These are the key concepts you need to understand to accurately answer the question.

Regression Line Equation

A regression line equation is a mathematical representation of the best-fit line through a set of data points, describing the relationship between two variables. The equation often takes the form of \( y = b_0 + b_1 x \), where \( y \) represents the dependent variable, \( x \) is the independent variable, and \( b_0 \) and \( b_1 \) are the intercept and slope, respectively.

In our current exercise, we calculated the regression line equation to be \( y = 122.105 - 0.933x \). This means that when you input a value for the unit weight \( x \), you can predict the corresponding porosity \( y \). The slope and intercept found point to this particular line as the best linear representation of the dataset.

Slope Interpretation

The slope \( b_1 \) in a regression equation is crucial as it indicates the rate of change in the dependent variable \( y \) for a one-unit change in the independent variable \( x \). It tells you the direction and steepness of the line. In our situation, our slope is \(-0.933\).

This negative slope suggests that as unit weight \( x \) increases by one pound per cubic foot (pcf), porosity \( y \) decreases by about 0.933%. This inverse relationship implies that heavier concrete specimens tend to be less porous. Such insights enable us to make informed predictions about material behavior in different conditions. This understanding is particularly crucial for applications like creating drainage-optimized concrete.

Residuals Calculation

Residuals are the differences between the observed values \( y_i \) and the predicted values \( \hat{y}_i \) from our regression line. They help determine how well the line fits the actual data. In simple terms, residuals show the deviation of each data point from the estimated line.

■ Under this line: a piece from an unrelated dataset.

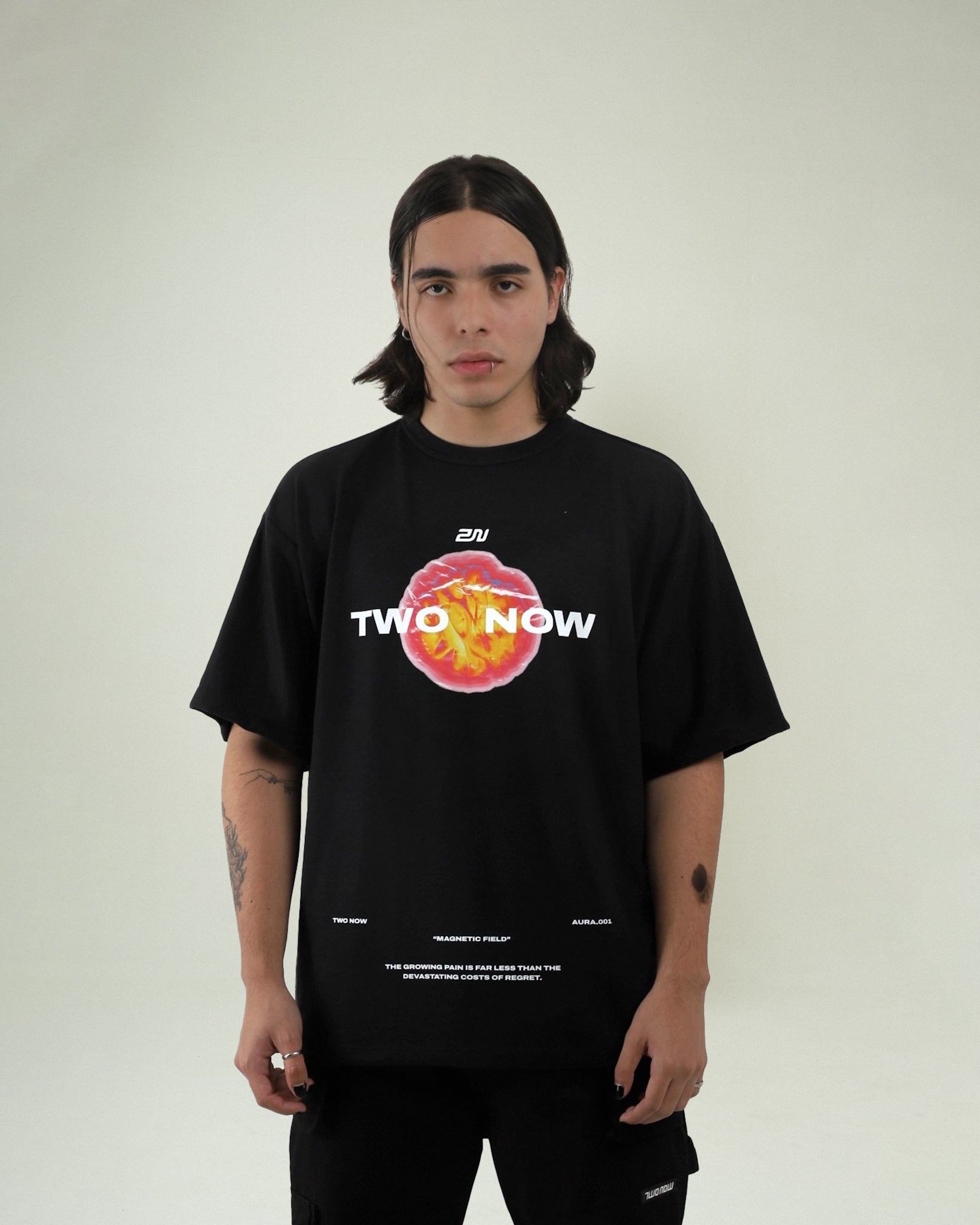 Camiseta unisex negra confeccionada en algodón 100% orgánico. Corte oversized para mayor comodidad. Adelante en el centro tiene un gráfico estampado de nuestra coleccion Aura.
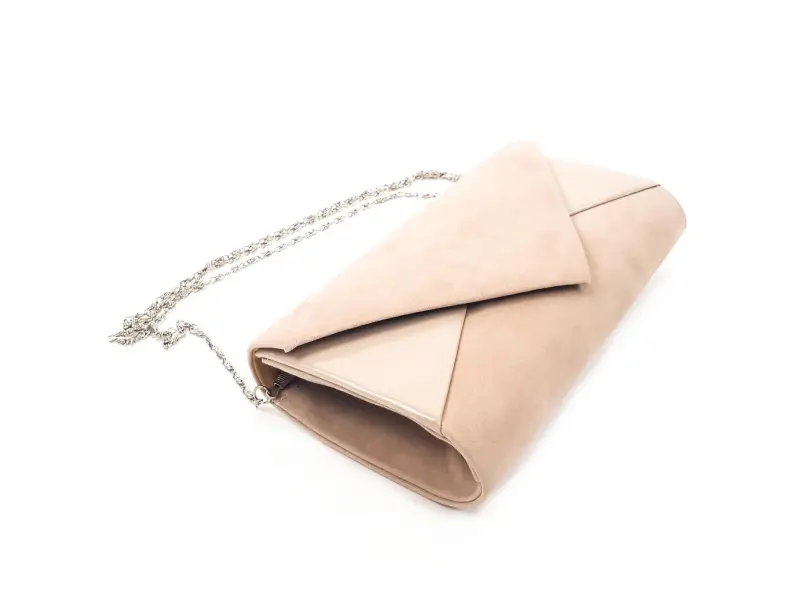 Geantă elegantă de bal din piele întoarsă artificială, de culoare nud. O geantă mică și modernă, potrivită pentru bal, seri formale sau ca geantă de seară. Geantă nud cu un compartiment și lanț argintiu.

For our dataset, considering the first observation with \( x=99.0 \) and \( y=28.8 \), the predicted porosity becomes \( 28.8 - (122.105 - 0.933 \times 99.0) = 5.685 \). Similarly, for \( x=101.1 \), \( y=27.9 \), the residual is \( 4.792 \).

Small residuals indicate that the regression line closely matches the data points, which is desirable as it hints at a strong model fit.

Variance Explanation

Variance in regression analysis refers to the extent that data points differ from the mean value of the dependent variable. It's central to understanding how much of the variation in \( y \) our regression model can explain. It is often measured via the R-squared statistic, which gives a proportion of the variance captured by the model.

In our case, an R-squared value of 0.9792 was found. This means an admirable 97.92% of the variance in porosity is explained by the linear relationship between unit weight and porosity.

This high value assures us that the model effectively captures most of the variability, offering confidence in its predictions and analyses. Variance analysis thus serves as a key indicator of model reliability and accuracy.